### MATERIAL PROVIDED
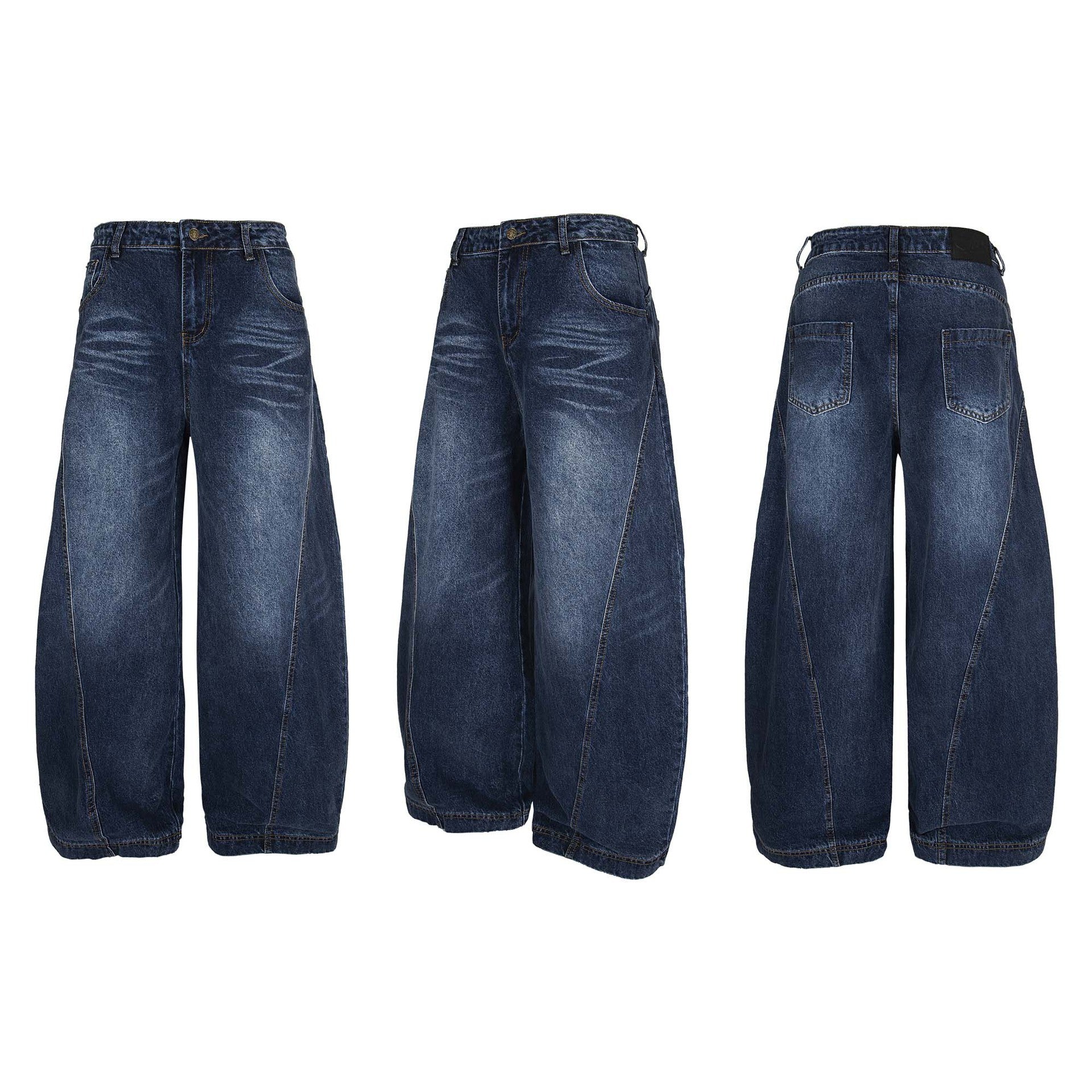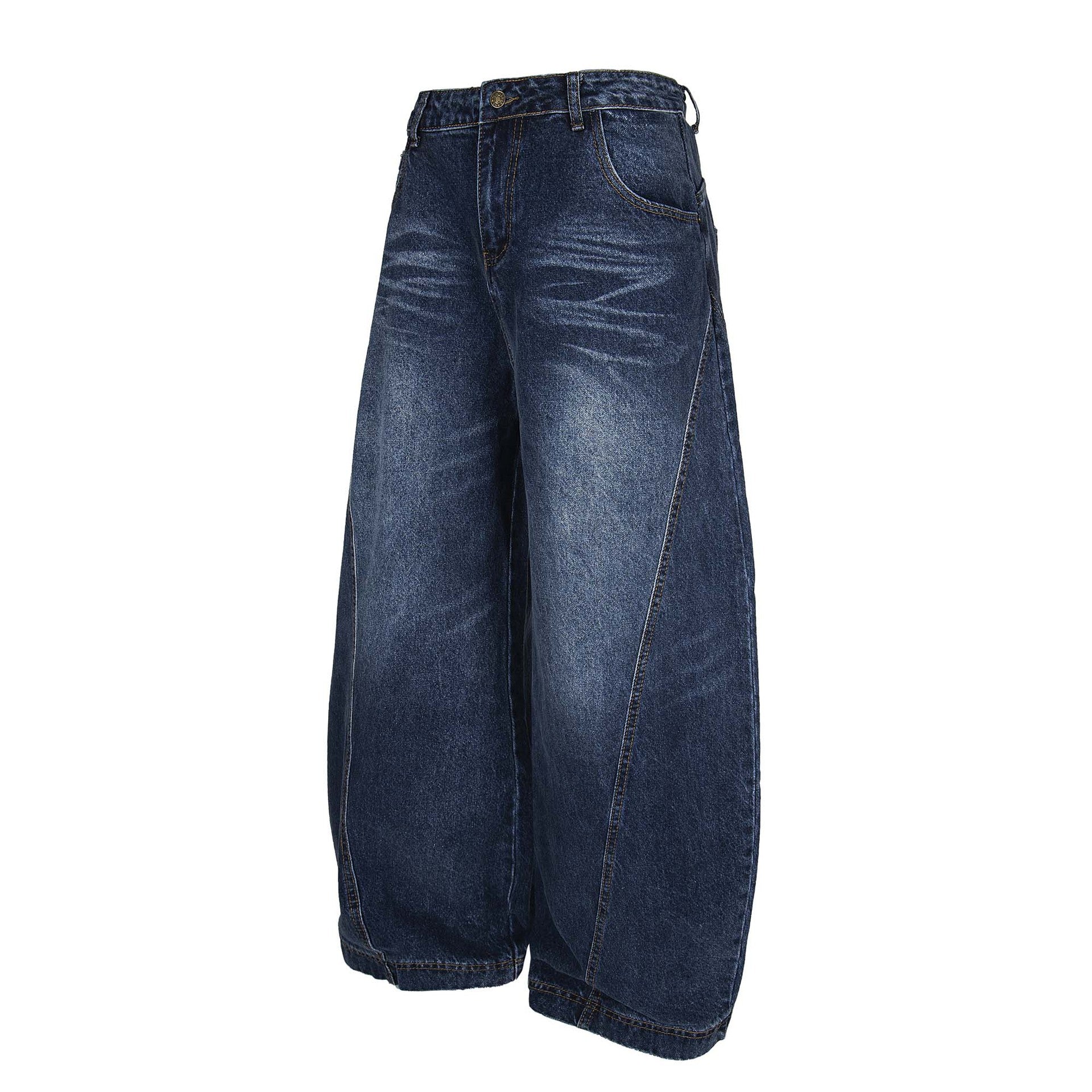 Washed Distressed Patchwork Tapered Pants - Unisex Loose Wide Leg Jeans
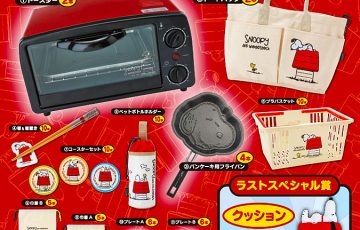 イチオシはスヌーピーのコーヒーメーカー。だけど、クリアボトルやマグカップもほしい。いやいやマットが当たってもいいなぁ。ポーチやトート、バインダーも、ビーグルスカウト柄だしアタリ◎
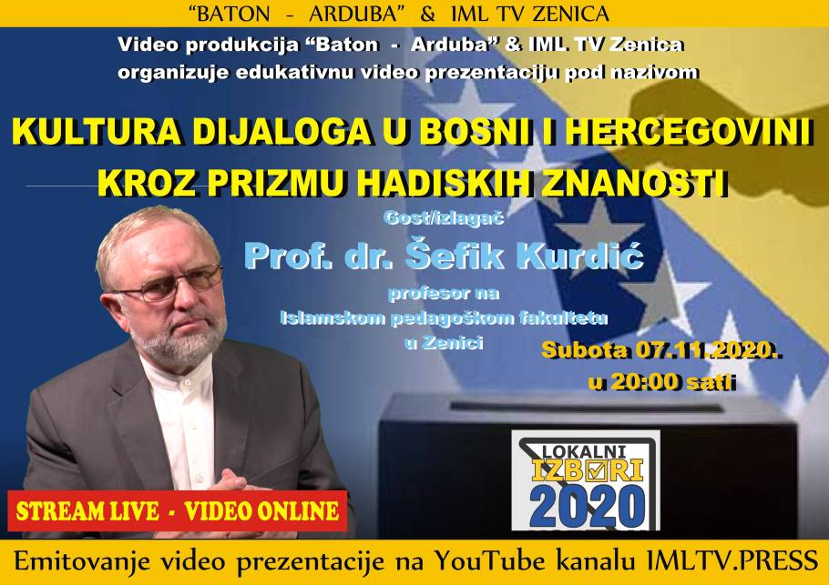 Obzirom da su ove prezentacije stream Live Video Online, ovim putem posebno nam je zadovoljstvo da najavljujemo drugu po redu tribinu u kojoj će prof. dr. Šefik Kurdić, profesor na Islamskom pedagoškom fakultetu u Zenici, ponuditi osvrt na kulturu dijaloga tokom izbora kroz prizmu hadiskih znanosti.

### TASK OBJECTIVE
Faithful copy, images left out: write out every line of data.

### EXERCISE ANSWER
 Washed Distressed Patchwork Tapered Pants - Unisex Loose Wide Leg Jeans
 イチオシはスヌーピーのコーヒーメーカー。だけど、クリアボトルやマグカップもほしい。いやいやマットが当たってもいいなぁ。ポーチやトート、バインダーも、ビーグルスカウト柄だしアタリ◎
 Obzirom da su ove prezentacije stream Live Video Online, ovim putem posebno nam je zadovoljstvo da najavljujemo drugu po redu tribinu u kojoj će prof. dr. Šefik Kurdić, profesor na Islamskom pedagoškom fakultetu u Zenici, ponuditi osvrt na kulturu dijaloga tokom izbora kroz prizmu hadiskih znanosti.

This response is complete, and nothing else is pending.